The seven sins of BHP's Marius Kloppers
From bad deals to management absurdities, the BHP Billiton chief's offences may never be forgiven... and there's only one chance to save his job.
Of course there are issues no chief executive can control – a 30 per cent price slide in BHP's key profit maker, iron ore – is shaking the miner to its core.
But there are the seven sins for which Marius Kloppers may never be forgiven. Crucially they are each of his own making and consequently may well prove to be insurmountable for the company ...at least while he stays in the top job.
1. The opportunity cost of serial M&A failure
The failure of Kloppers to conquer and muzzle arch-rival Rio in the depths of the GFC or his inability to seduce the Canadian government to allow the purchase of Potash Corp are well established. But it's the enervating – if intangible – effect on thousands of BHP managers who wasted time and money on ultimately worthless projects that now undermine the authority of future Kloppers' initiatives.
2. The one bad deal
Earlier this week BP fessed up to its shale gas follies and announced on Wednesday it had taken a writedown of $US2.1 billion on shale gas assets in the Fayetteville region of central US. Today it revealed the before-tax impairment charge would reach $US2.84 billion, in addition to a $US450 million charge on its Nickel West assets. One of Kloppers' very few acquisitions was the surprise – and surprisingly expensive – $US5 billion Fayetteville based shale gas assets from Chesapeake Energy in 2011. Gas prices are actually recovering since halving a few months ago, but BP clearly believed it had to take a hit on shale gas. The BHP Lafayette field is literally next door to BP's holdings and analysts expect a $3 billion plus writedown coming for BHP as early as results day on August 22.
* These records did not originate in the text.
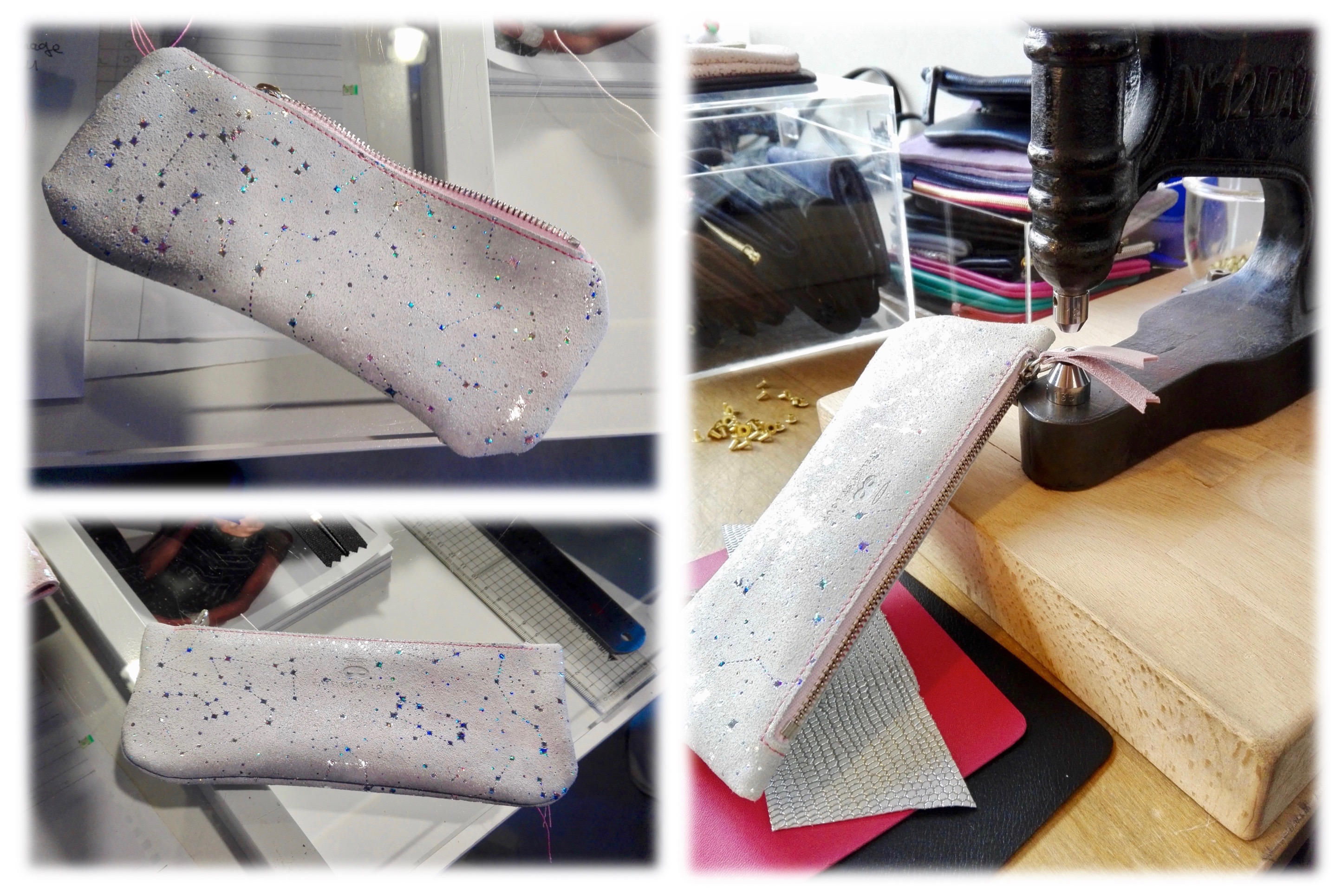 Je prends un plaisir énorme à réaliser toutes les étapes de montage de ma petite trousse constellée de lumière. Les matériaux utilisés par l’Atelier St. Loup sont d’une facture impeccable, c’est agréable de pouvoir travailler des matériaux d’une telle qualité, sous les conseils simples et efficaces d’Isabelle et Michel. Il est également plaisant d’échanger avec les autres participantes, et de pouvoir nous émerveiller ensemble devant nos « créations » qui peu à peu prennent forme.
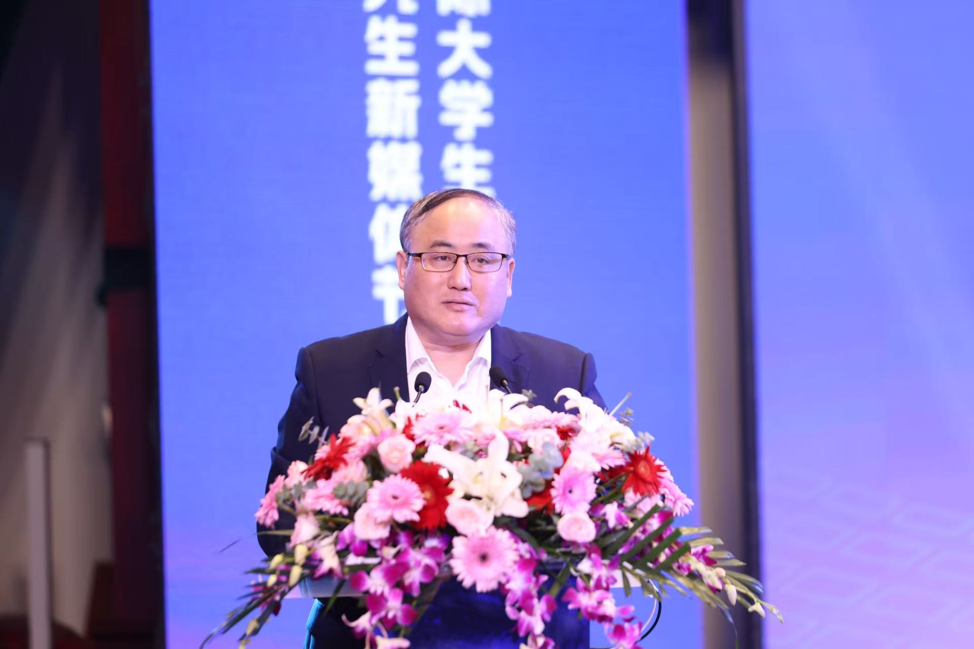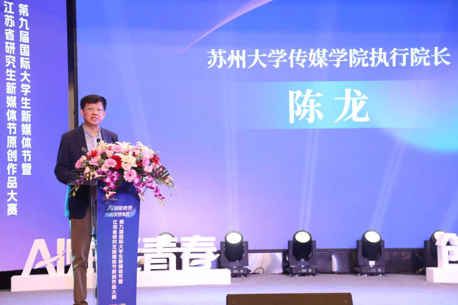 张健主持开幕式,陈龙致欢迎辞。陈龙指出,新媒体节是思想交流、才华展示与人才发掘的重要平台,强调创新是新媒体时代的关键,智能化、碎片化、去中心化已成为当今趋势。他强调,新媒体时代的创业不是投机,而是需要大胆创新、勇于担当、善于开拓。他鼓励青年大学生们要对中国迈向AI赋能的新媒体产业大国充满信心,不忘初心、努力奋发,共创中国新媒体的辉煌未来。
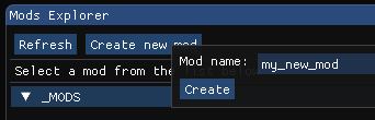 and you will see 2 windows, "Game Directory Explorer" and "Mods Explorer". - Click on "Create new mod" in "Mods Explorer" window
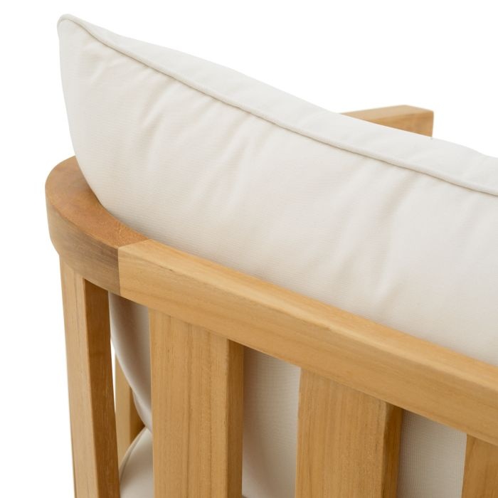 Entdecken Sie die harmonische Kombination aus natürlichem Teakholz und Sunbrella-Stoffkissen im Outdoor-Sessel Aruba. Seine schwebende Silhouette lädt zu Momenten der Ruhe ein, während die weichen, wetterbeständigen Polster in gedeckten Farbtönen das anspruchsvolle Leben im Freien unterstreichen – und mühelose Eleganz und dauerhaften Komfort in einem raffinierten, modernen Design verkörpern.
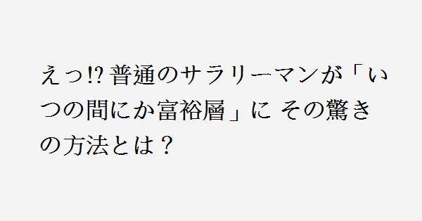 3、会社員だけど自分と家内の株と預金足せば億は超えるでも富裕層って感覚は無い贅沢と言えば趣味で輸入車買ったくらいでも1000万もしないモデルだしそれ以外は日常生活は極めて普通だよ後は会社いつ辞めてもなんとかなるかなと言う心の余裕はできた結局無駄遣いせずにコツコツ投資とかやってきた人がそうなってるからあんまり生活は変わらないんじゃないかな
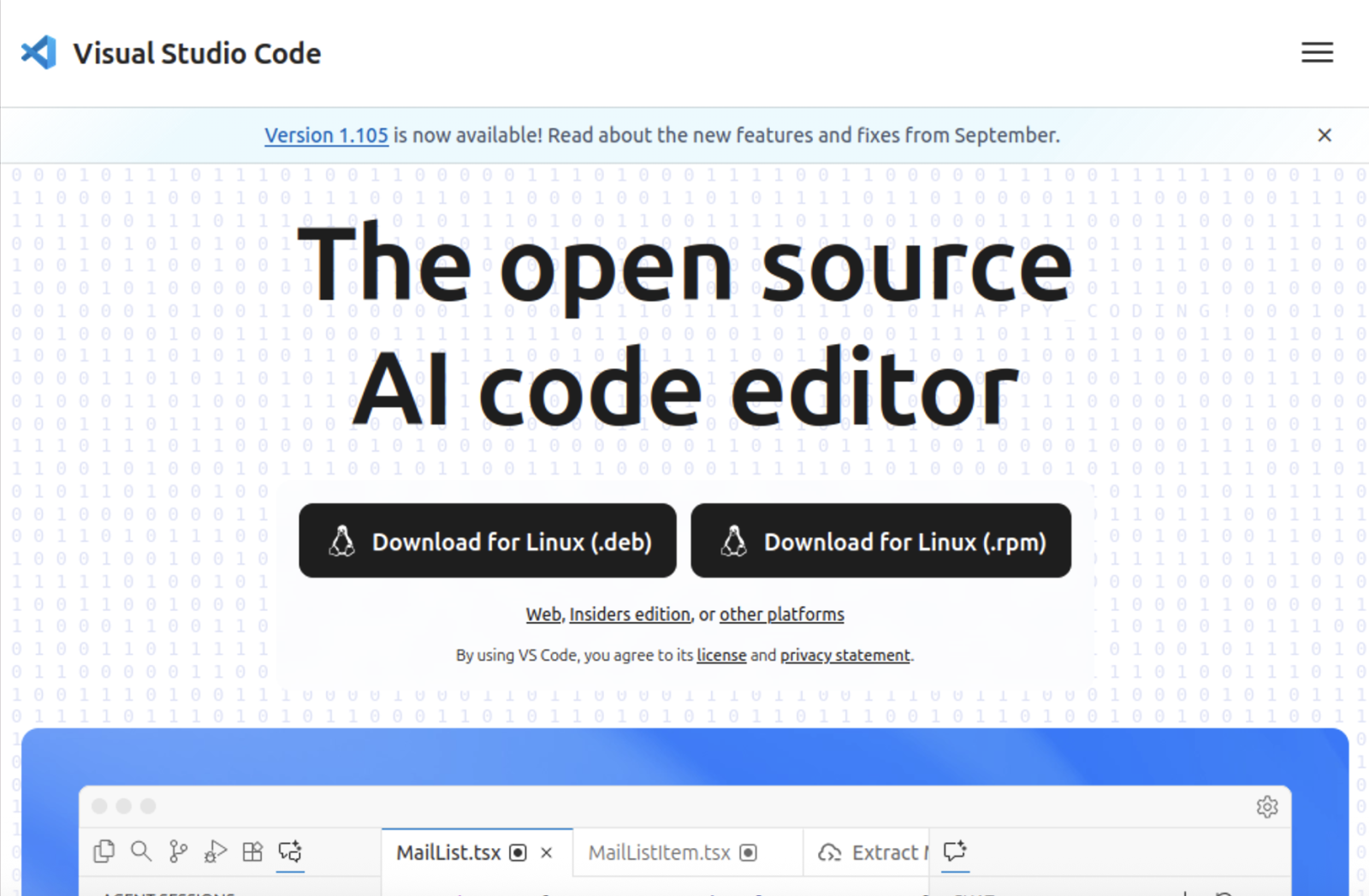 - Скачайте установочный файл, например code_1.105.1-1760482543_amd64.deb.

3. Side-stepping an IR showdown in the coalfields
The BHP-Mitsubishi coalfields in central Queensland have become a byword for all that is wrong in the field of mining industrial relations in this cycle. A year-long industrial dispute cost the company more than a million tonnes in lost coking coal exports, according to BHP's last production report. In July the dispute was settled, but the damage was well and truly done by then. It happened on Kloppers' watch. No doubt he saw ongoing production as a trade-off for the trauma of a showdown but the price has been too high.
We might never know why BHP only nine months ago let it be known it intended to go ahead with the 'biggest ever mine Australia' ...the Olympic Dam project is South Australia. But the company did little to quell the wild enthusiasm – especially in South Australia – which followed a flood of media reports last October. Now the company is backtracking on the timetable and again it's a confidence sapper.
Promise too much in a tough market and a company will be hammered – under promise and over-deliver and the market will eat out of your hand (witness the Wesfarmers story).
5. A lack of income
BHP's share price at $31 is down from more than $40 just a few months ago. It's meant to be one of the world's greatest mining companies but that's cold comfort for those looking at a price-to-earnings ratio that has slid to eight times earnings – in other words, as a stock it has been a sleeper. But unlike other sleeping blue chips, which are trading on equally subdued price-to-earnings, the income from BHP is also subdued, with a dividend yield of 3.25 per cent – roughly half the dividend yield offered by, say, any of the big four banks. Kloppers has run a tight divided payout policy and resisted endless entreaties for capital payouts. The result for the big fund managers who are bad mouthing Kloppers in surveys is that the stock offers neither attractive income nor capital appreciation.
The association of Kloppers with an uninspiring memo to staff to keep desks tidy and keep one single photo of a set measurement on the desk each evening should not matter... but it does. Kloppers runs a company which appears increasingly beset with huge problems and he is regularly identified with highly debatable micro-management tendencies which would seem to border on the neurotic.
7. Never apologise, never explain
For so long Kloppers has appeared as a cool and cerebral chief executive gliding above BHP as it enjoyed a splendid isolation from GFC-wracked markets. During the depths of the mining tax row he stayed silent while his peers loudly complained, yet BHP fared well in the end. In recent days Kloppers' attempt to justify his tenure by citing a six-month share price performance that was less worse than his rivals had the exact opposite effect of instilling confidence.
With a share price turnaround highly unlikely in the short term, Kloppers one outstanding chance at extending his tenure will be the public support received today by his chairman, Jac Nasser. Not long ago at arch-rival Rio Tinto chairman Jan du Plessis saved the skin of then-struggling chief executive Tom Albanese, who lived to fight another day.